Structure of Manusmriti
The ancient version of the text has been divided into twelve Adhyayas (chapters), but the original text had no such division. The text covers different topics, and is very unique among the ancient Indian texts in using “transitional verses” to mark the end of one subject and the start of the next subject. The text can be broadly divided into four sections and each section further divided into subsections:
- Creation of the world
- Source of dharma
- The dharma of the four social classes
- Law of karma, rebirth and final liberation
The text is composed in metric Shlokas (verses), in the form of a dialogue between a teacher and the disciples who are eager to learn about the various aspects of dharma. The first 58 verses are attributed by the text to Manu, while the remaining more than two thousand verses are attributed to his student Bhrigu. The subsections are as follows-
Sources of the law
The Dharmasya Yonih (Sources of the Law) has twenty-four verses and one transition verse. These verses state what the text considers as the proper and just sources of law:
वेदोऽखिलो धर्ममूलं स्मृतिशीले च तद्विदाम् । आचारश्चैव साधूनामात्मनस्तुष्टिरेव च ॥
Translation 1: The whole Veda is the (first) source of the sacred law, next the tradition and the virtuous conduct of those who know the (Veda further), also the customs of holy men, and (finally) self-satisfaction (Atmana santushti).
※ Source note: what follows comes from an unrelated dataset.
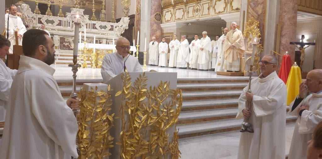 E poi, dopo l’omelia, il rito di benedizione sul presbiterio, partecipato attraverso silenzio solenne e orante dei presenti, con le parole forti che esprimono lo spirito di questo ministero che l’arcivescovo, seduto in cattedra, ha ben scandito:

Translation 2: The root of the dharma is the entire Veda, and (then) the tradition and customs of those who know (the Veda), and the conduct of virtuous people, and what is satisfactory to oneself.
Manusmriti 2.6
वेदः स्मृतिः सदाचारः स्वस्य च प्रियमात्मनः । एतच्चतुर्विधं प्राहुः साक्षाद् धर्मस्य लक्षणम् ॥
Translation 1: The Veda, the sacred tradition, the customs of virtuous men, and one’s own pleasure, they declare to be the fourfold means of defining the sacred law.
Translation 2: The Veda, tradition, the conduct of good people, and what is pleasing to oneself – they say that is four fold mark of dharma.
Manusmriti 2.12
This section of Manusmriti, like other Hindu law texts, includes fourfold sources of Dharma, which include Atmana santushti (satisfaction of one’s conscience), Sadachara (local norms of virtuous individuals), Smriti and Sruti.
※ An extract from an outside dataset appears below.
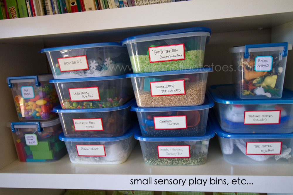 Our small sensory bins still remain in plastic bins for easy washing and keeping all the little bits tightly stored inside…
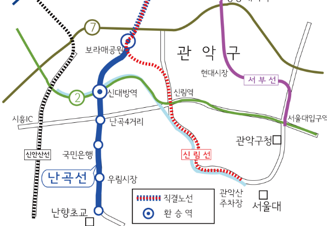 관악구는 동서방향을 잇는 지하철 2호선 단 1개 노선만 지나는 열악한 도시철도 환경으로 주민들이 대중교통 이용에 많은 불편을 겪어왔습니다.

Determination of Karmayoga
This section is in a different style than the rest of the text, raising questions whether this entire chapter was added later or not. While there is evidence that this chapter was extensively redacted over time, however it is unclear whether the entire chapter is of a later era.
4.1 Fruits of Action (12.3-81) (section on actions and consequences, personal responsibility, action as a means of moksha – the highest personal bliss).
4.2 Rules of Action for Supreme Good (section on karma, duties and responsibilities as a means of supreme good).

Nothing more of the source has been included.